Now, the Elasticsearch lawsuit appears to have both a defensive and offensive intent.
Elastic contends that the branding for both the original Amazon Elasticsearch Service and Open Distro for Elasticsearch violates its trademark, according to the Elasticsearch lawsuit, which was filed Sept. 27 in U.S. District Court for the Northern District of California.
"Due to Amazon's misleading use of the Elasticsearch mark, consumers of search and analytics software are, at least, likely to be confused as to whether Elastic sponsors or approves AESS [Amazon Elasticsearch Service] and Open Distro," the complaint states.
"Amazon's misleading use of Elasticsearch also misrepresents the nature, characteristics, and/or qualities of AESS because, on information and belief, AESS (1) disables certain functionality available from Elastic's Elasticsearch product, and (2) includes software code not offered by Elastic in any Elasticsearch product," the complaint states. "Amazon's use of the Elasticsearch mark therefore constitutes false advertising."

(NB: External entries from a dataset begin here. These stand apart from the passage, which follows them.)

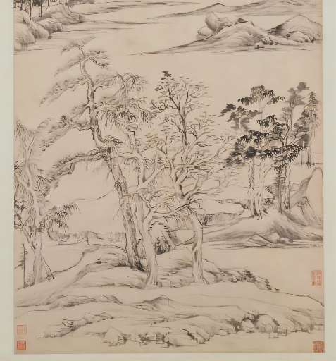 明·赵左《秋山红树图》台北“故宫博物院”。左上角有董氏题曰:“峒关蒲雪,杨升妙迹不多传,见此如虎贲中郎”。可见他对赵左的欣赏。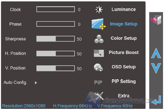 Il menù completo è composto da altre sottosezioni. Luminosità permette la regolazione del contrasto, della luminosità, scegliere la modalità di visione, il valore di gamma preimpostato, se attivare il contrasto dinamico (DCR) e regolare l’opzione overdrive. Le modalità sono: Standard (luminosità impostata a 90), Texto (20), Internet (40), Giochi (60), Film (80) e Sport (100). L’opzione gamma presenta tre impostazioni, mentre l’overdrive è regolabile su Debole, Medio, Forte e Disattivo; di default è presente su Medio. Come al solito, impostazioni immagine è disattivato per via della connessione digitale.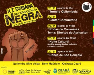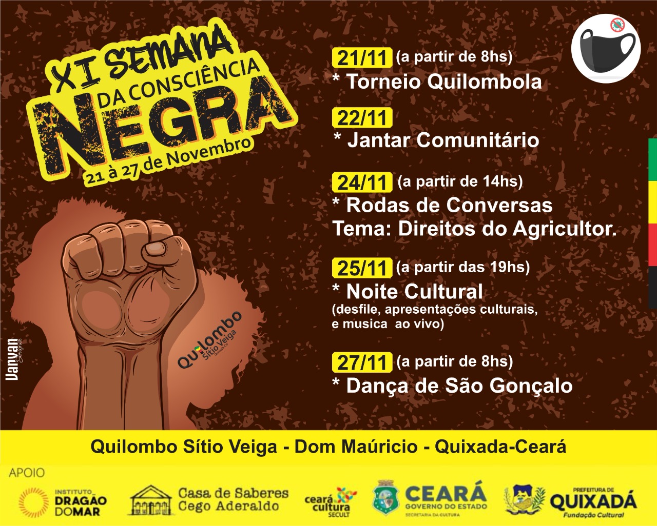 A XI Semana da Consciência Negra da Comunidade Quilombola do Sítio Veiga, conta com total apoio da Prefeitura de Quixadá através da Fundação Cultural, Governo do Estado, Secult, Instituto Dragão do Mar e Casa de Saberes Cego Aderaldo.

AWS has also wrongly represented that AESS constitutes a "great partnership" between Elastic and AWS, according to the suit, which references an Oct. 2, 2015 Twitter message posted by Amazon CTO Werner Vogels.

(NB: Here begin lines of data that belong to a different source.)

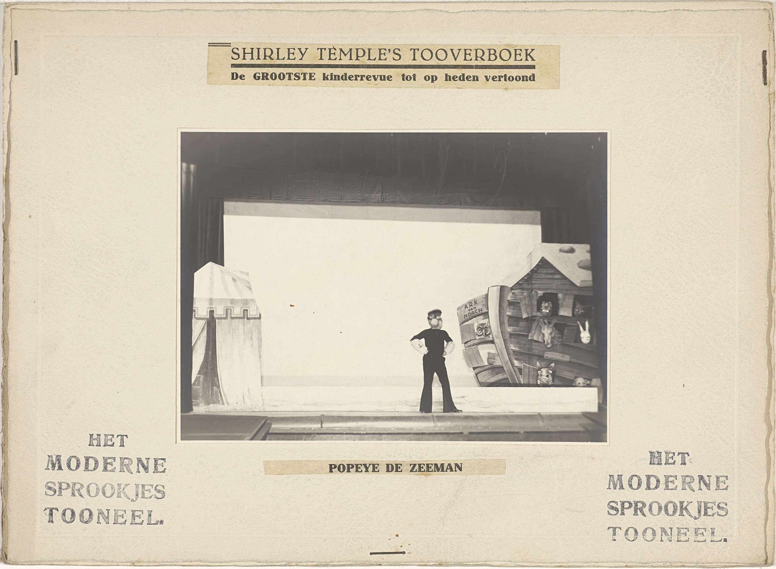 Theaterfoto van een acteur voor het decor met de Ark...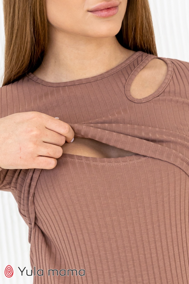 Облягаючий трендовий лонгслів для вагітних і годуючих з асиметричним вирізом на плечі.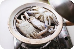 - 찜기에 물을 넣고 끓입니다. 찜기 바닥에 물이 닿지 않도록 주의합니다. 물이 끓기 시작하면 찜기 위에 꽃게를 고르게 놓습니다. 꽃게가 겹치지 않게 놓으면 고르게 찔 수 있습니다.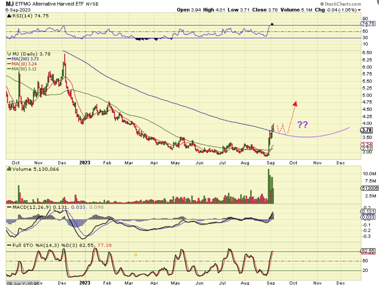 MJ still has this move out of the base that is worth watching  (or for some, maybe trading it short term). Will it consolidate with a bull flag and go again? Or break down? It is worth watching. Uranium rallied too.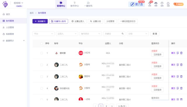 在账号管理当中,蚁小二甚至还可以批量导入账号,如果是普通用户的话,可以管理五个账号,基本足够日常的使用了。除此之外,我们还可以进行分组,从而让我们更好的进行管理。像一键检测登录状态这一点,必须为其点个赞。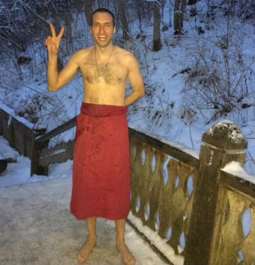 Сара (США): Прекрасный чистый снег. Вокруг природа. Это освежающее чувство, когда ты голый стоишь зимой на улице! И еще, может быть, алкоголь? Может, он выпил. Пьяные люди — счастливые люди.

"Neither at the time of that tweet nor at any relevant time has there ever been a 'partnership' between Elastic and Amazon with respect to AESS," the complaint states.
"Amazon's wrongful activities have caused Elastic irreparable injury," it adds. Elastic wants the court to grant a permanent injunction against AWS's use of its trademark, as well as assorted damages and reimbursement of legal costs, according to the complaint.

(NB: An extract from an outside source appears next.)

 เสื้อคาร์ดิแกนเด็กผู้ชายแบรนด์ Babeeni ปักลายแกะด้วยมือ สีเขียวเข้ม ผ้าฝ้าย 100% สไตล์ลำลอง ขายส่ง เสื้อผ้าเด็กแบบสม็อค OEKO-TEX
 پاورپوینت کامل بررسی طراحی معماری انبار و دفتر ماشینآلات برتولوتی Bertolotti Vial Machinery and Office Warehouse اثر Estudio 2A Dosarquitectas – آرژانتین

AWS had not filed a response to the Elasticsearch' lawsuit in court as of Oct. 1. An AWS spokeswoman didn't immediately respond to a request for comment on Elastic's allegations. An Elastic representative said the company would have no further comment beyond the suit
Elastic's move denotes commercial open source frictions
The legal flap highlights what tensions can be raised when a massive player such as AWS seeks to commercialize a popular open-source project maintained by a smaller company. Moreover, AWS has drawn criticism in the past over the perception that it takes too much from open source projects while not giving back enough.
As it happens, Elastic has and continues to offer its own Elasticsearch Service hosted on AWS, available for purchase through the AWS marketplace. A central question raised by the lawsuit is whether AWS's alleged trademark infringement and false advertising could muddy the waters for potential customers.
Holger MuellerAnalyst, Constellation Research
Elastic offers Elastic Stack, which bundles Elasticsearch along with open source products such as Kibana, for data visualization, and the Logstash data pipeline. It released a new version of Elastic SIEM, its security information and event management platform, this week.
The company has also made other defensive moves recently. In early September, it filed a copyright infringement lawsuit against the developers of Search Guard, claiming the open source security company had stolen proprietary code from Elastic. "Whether open source or proprietary, any responsible creator must protect their work," Elastic said on its blog.
Overall, commercializing open source is a persistently thorny problem, said Holger Mueller, an analyst at Constellation Research in Cupertino, Calif.
"Open source and intellectual property are not best friends," Mueller said. "One of the conflicts is, if you built assets on top of [open source], can it by itself become an IP asset?"